Justiça condena Estado do Acre por troca de bebês
Caso aconteceu na maternidade Bárbara Heliodora | Foto: Reprodução
O Estado do Acre foi condenado a pagar indenização de R$ 100 mil por danos morais a uma mãe, que teve o filho trocado na maternidade Bárbara Heliodora, em Rio Branco. A 2ª Câmara Cível do Tribunal de Justiça do Acre negou uma apelação apresentado pelo Estado contra ação com pedido de reparação. A autora da ação descobriu através de um exame de DNA que o bebê entregue a ela não era seu filho. Após o nascimento da criança, o marido da autora da ação passou a suspeitar de adultério, pois a criança não apresentava nenhuma semelhança com a família. Pouco tempo depois, o casal se separou. Os pais da criança só descobriram a verdade quando a mulher ajuizou uma ação de investigação de paternidade para a pensão alimentícia em desfavor do ex-companheiro. Foi quando um exame de DNA esclareceu que a criança não é filho biológico do casal, tendo havido, portanto, troca de bebês na maternidade pública do Rio Branco. O filho, também autor da ação, ainda sustentou que a negligência dos servidores do hospital o deixou órfão de pai, e requereu o pagamento de pensão alimentícia previsto nos casos de homicídio. O juiz titular da 1ª Vara da Fazenda Pública, Anastácio Menezes, julgou procedente os pedidos de reparação por danos morais e condenou o Estado do Acre ao pagamento de indenização no valor de R$ 100 mil a cada um dos autores.

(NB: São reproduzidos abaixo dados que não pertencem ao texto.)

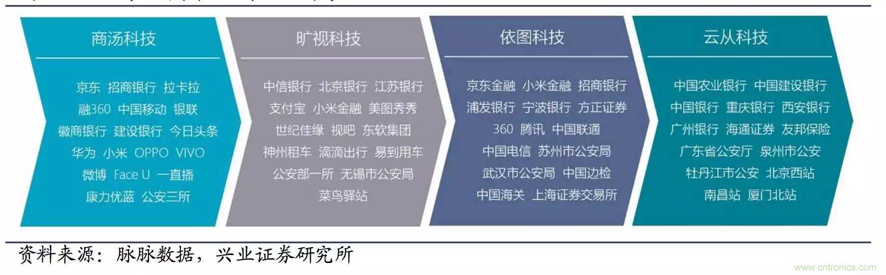 自研技術方面,谷歌在2012年獲得人臉識別解鎖手機的專利;蘋果獲得相應專利的時間為2015年。在國內市場,BAT也在人工智能領域奮力競爭。資本方面,把深度學習算法運用到人臉識別上目前走在最前列的是百度等互聯網公司。同時,很多創業型企業技術也不弱,比如商湯科技(Sense Time)、曠視科技、依圖科技、云從科技四家獨角獸公司。這些公司無論是從技術上還是從應用能力上都 相對成熟,獲得了資本市場的高度重視。下面對比四家人臉識別獨角獸公司的技術和應用場景。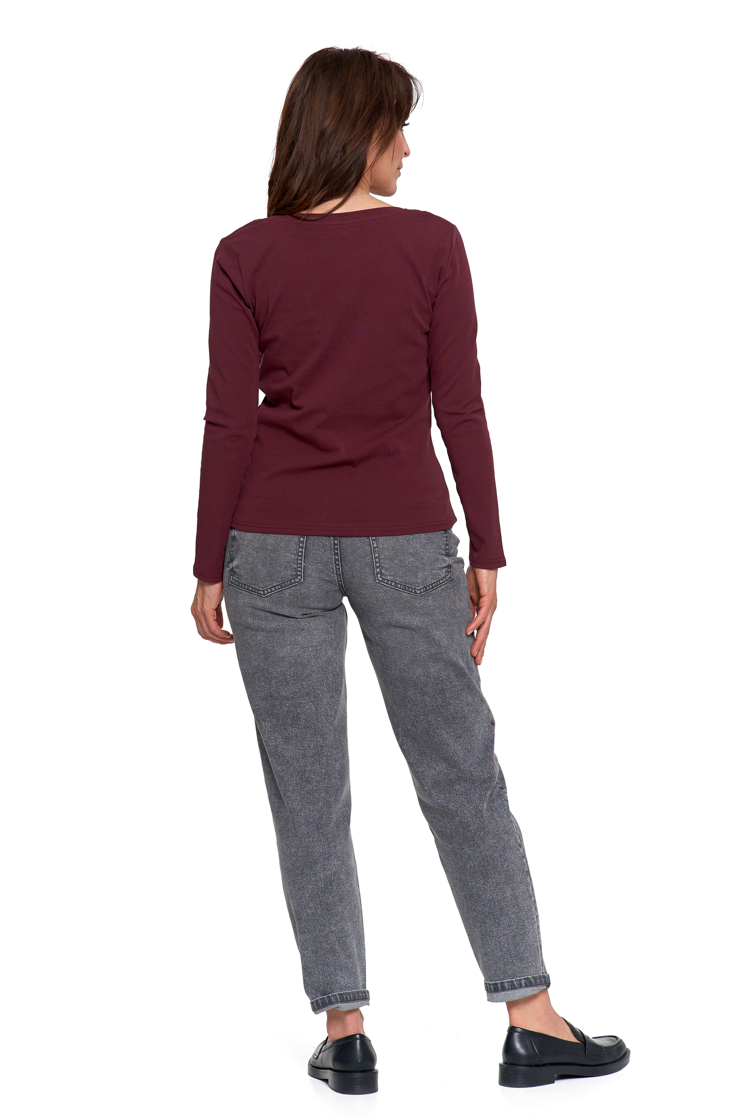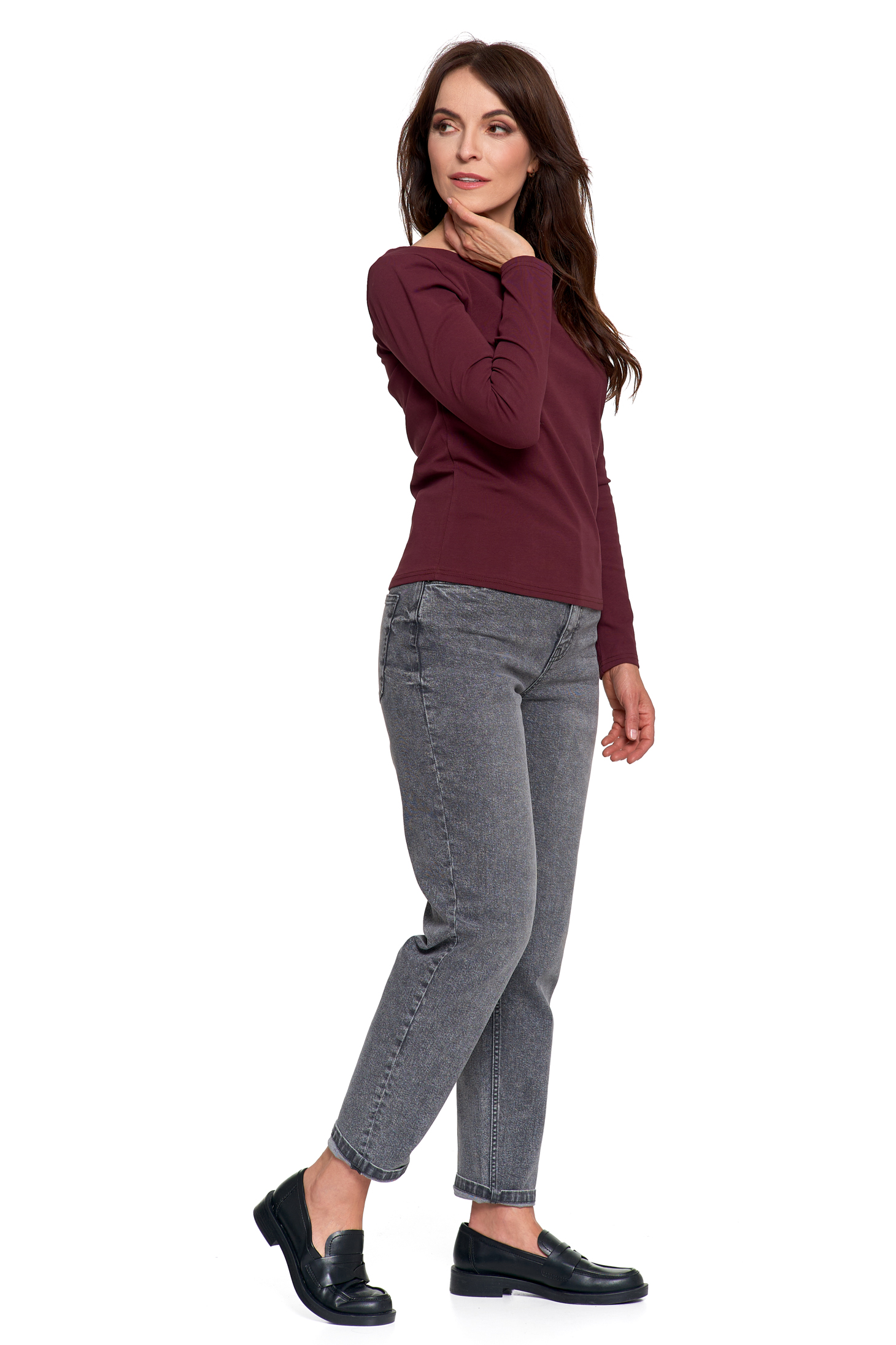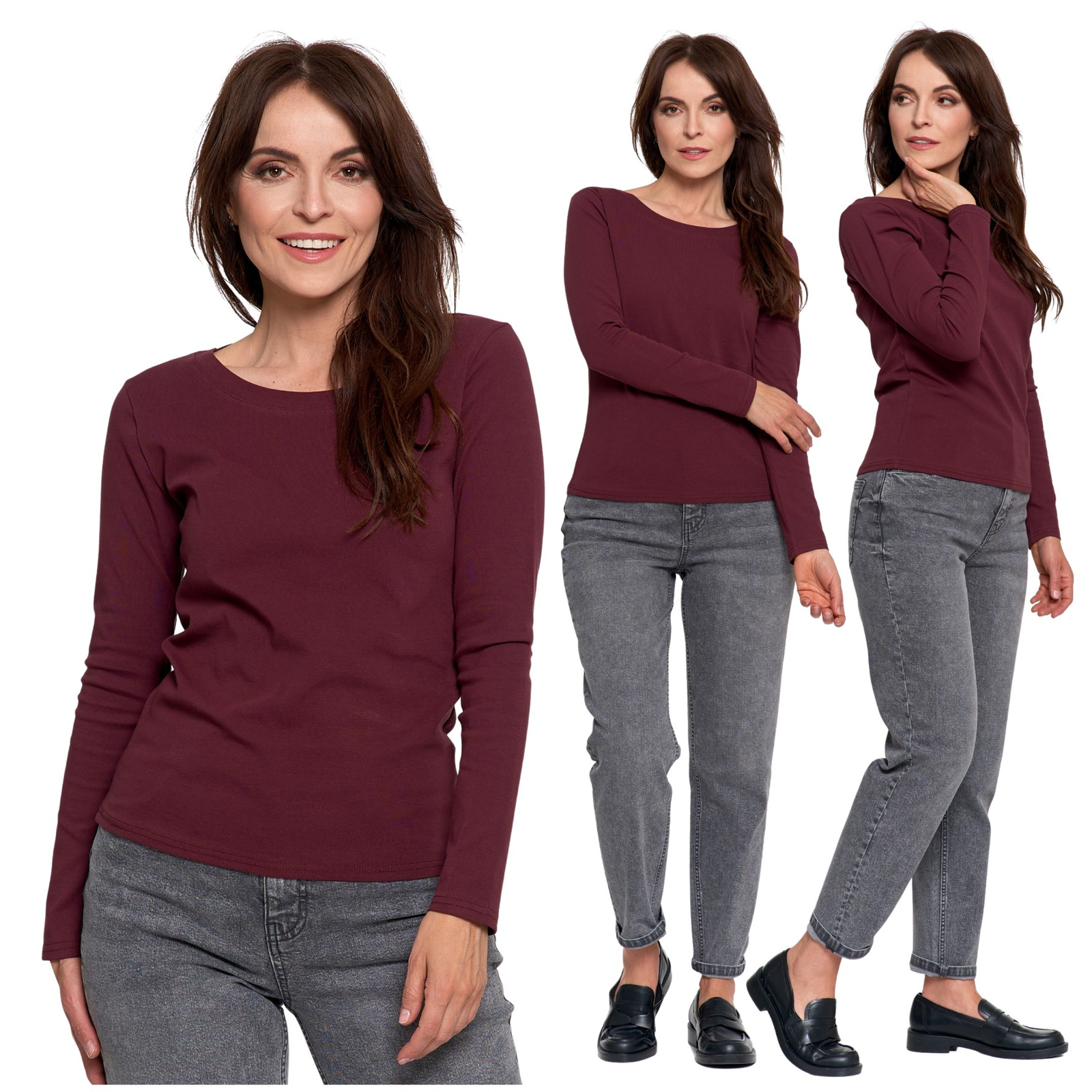 GŁADKA BLUZKA DAMSKA KOSZULKA Z DŁUGIM RĘKAWEM MODNA KLASYCZNA MORAJ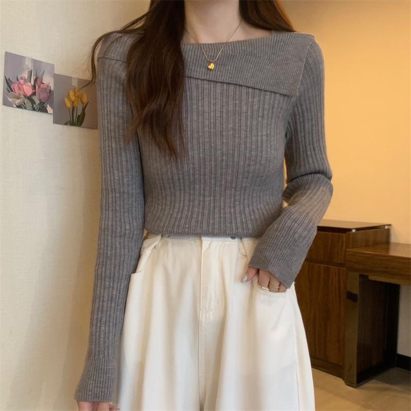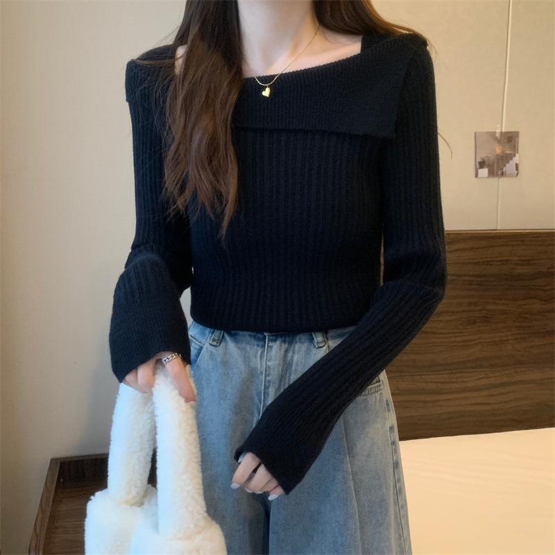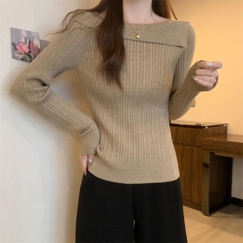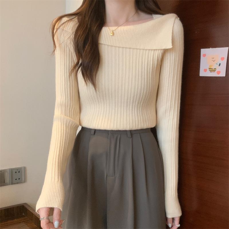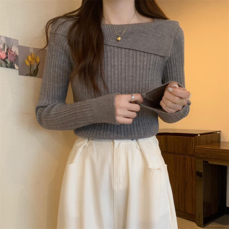 2023 Otoño e Invierno Nuevo Estilo Diseño con Hombros Descubiertos Niche Suéter de Punto para Mujer Color Sólido Dulce Camisa Base Interior para Mujer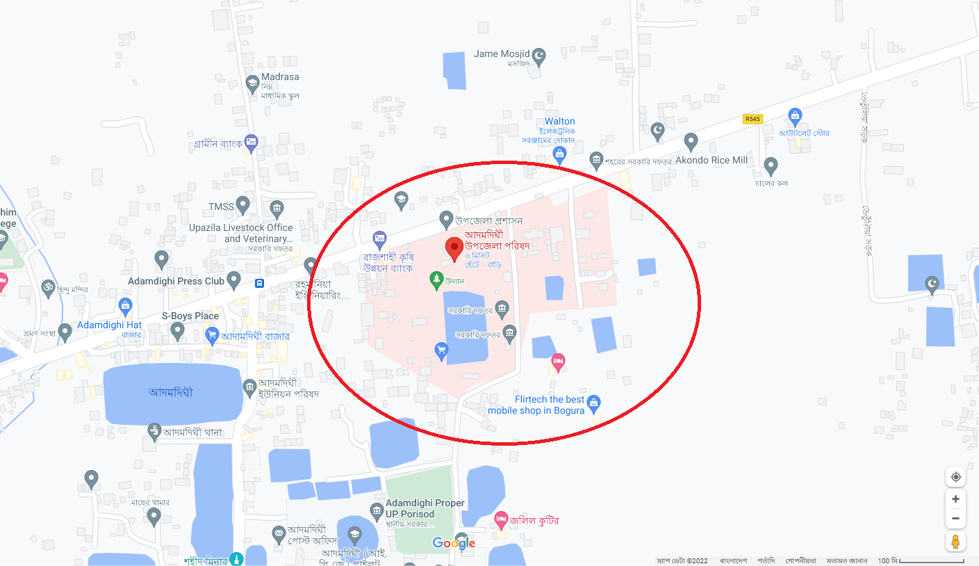 আদমদীঘি বাস স্ট্যান্ড-> আদমদীঘি উপজেলা কমপ্লেক্স->সহকারী প্রোগ্রামারের কার্যালয় গুগল ম্যাপ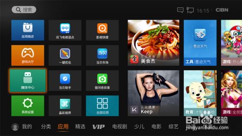 在桌面找到“应用”-“媒体中心”打开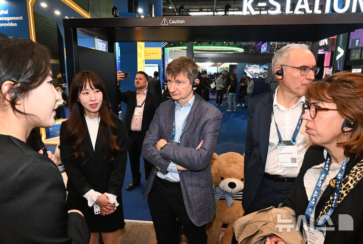 [바르셀로나=뉴시스] 사진공동취재단 = 프랑스 통신사 부이그텔레콤(Bouygues Telecom) 브누아 톨로팅 대표가 4일(현지시간) 스페인 바르셀로나 피라 그란 비아 전시장에서 열린 '모바일 월드 콩그레스(MWC) 2025' KT 부스를 둘러보고 있다. 2025.03.05. [email protected]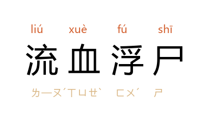 浮:漂浮。流的血将尸体都漂了起来。形容死伤很多。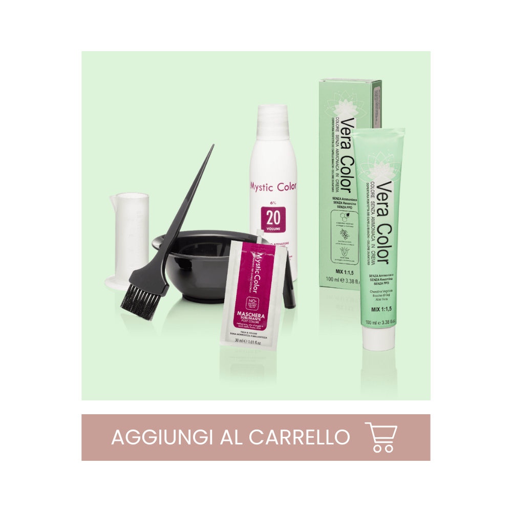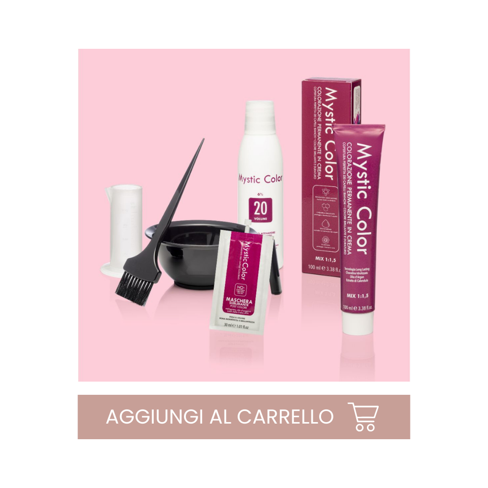 Proprio per questo, il primo passo da compiere sta nell’acquisto di un set che ti consenta di coprire i capelli bianchi in totale sicurezza, anche in casa, mettendoti a disposizione tutto l’occorrente necessario per ottenere il miglior risultato. A questo proposito, non perderti il Set colorazione professionale Mystic Color, appositamente pensato per chi desidera tingere i capelli tra le mura domestiche senza danneggiare la propria chioma, così composto: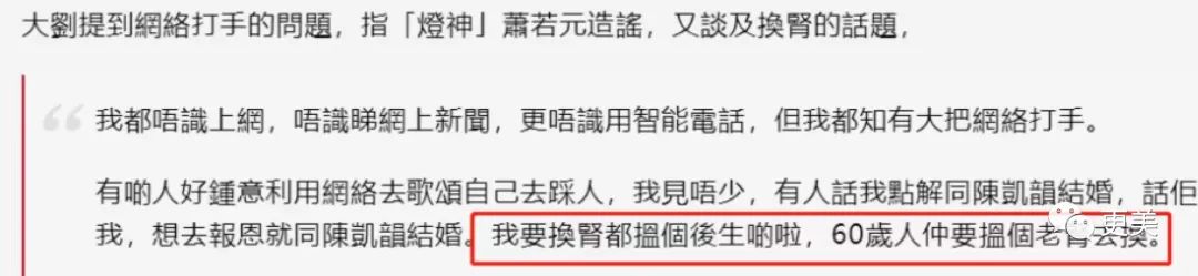 而这次澄清,刘銮雄谁都说了,唯独对原配三缄其口。 难怪有人这样评价刘銮雄: “老了,哪都是软的,只有心是硬的。” |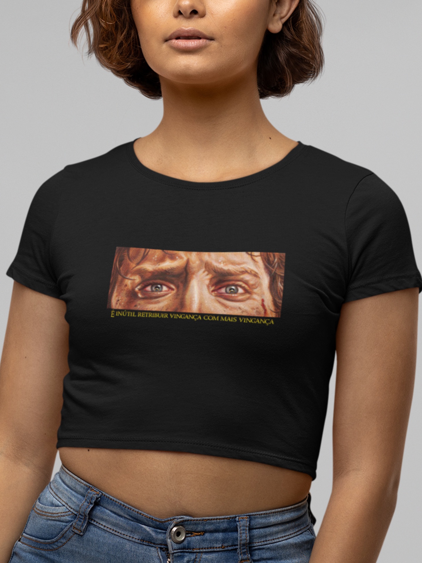 Blusa Cropped O Senhor dos Anéis - Coleção Janelas da Alma - "É INÚTIL RETRIBUIR VINGANÇA COM MAIS VINGANÇA"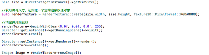 //清空并开始获取 renderTexture->beginWithClear(0.0f, 0.0f, 0.0f, 255); 这句应该效果是一样的吧?

Para o juiz, o Estado tem responsabilidade em indenizar, pois causou “aflição, angústia e sofrimento pelo qual passou a família, já que tiveram suas vidas marcadas, seja pela crise de identidade, pela privação do convívio com seus verdadeiros parentes e por inúmeras dificuldades para aceitação de sua condição”. O pedido de pensão foi julgado improcedente, pois nesse caso tal ônus deveria recair especificamente sobre o funcionário responsável pela troca dos bebês e não sobre o Estado. O Estado, em sua defesa, afirmou que não houve falha no serviço público, uma vez que “não restaram comprovadas condutas ilícitas perpetradas por funcionários da Maternidade Bárbara Heliodora que confirmem a alegação de troca de recém-nascidos dentro daquele recinto”. Para o Estado do Acre, a “responsabilidade no caso é subjetiva, não havendo, assim, o dever de indenizar”. O relator do recurso, desembargador Samoel Evangelista, não acatou os argumentos e votou pela improcedência do recurso, mantendo a decisão da primeira instância.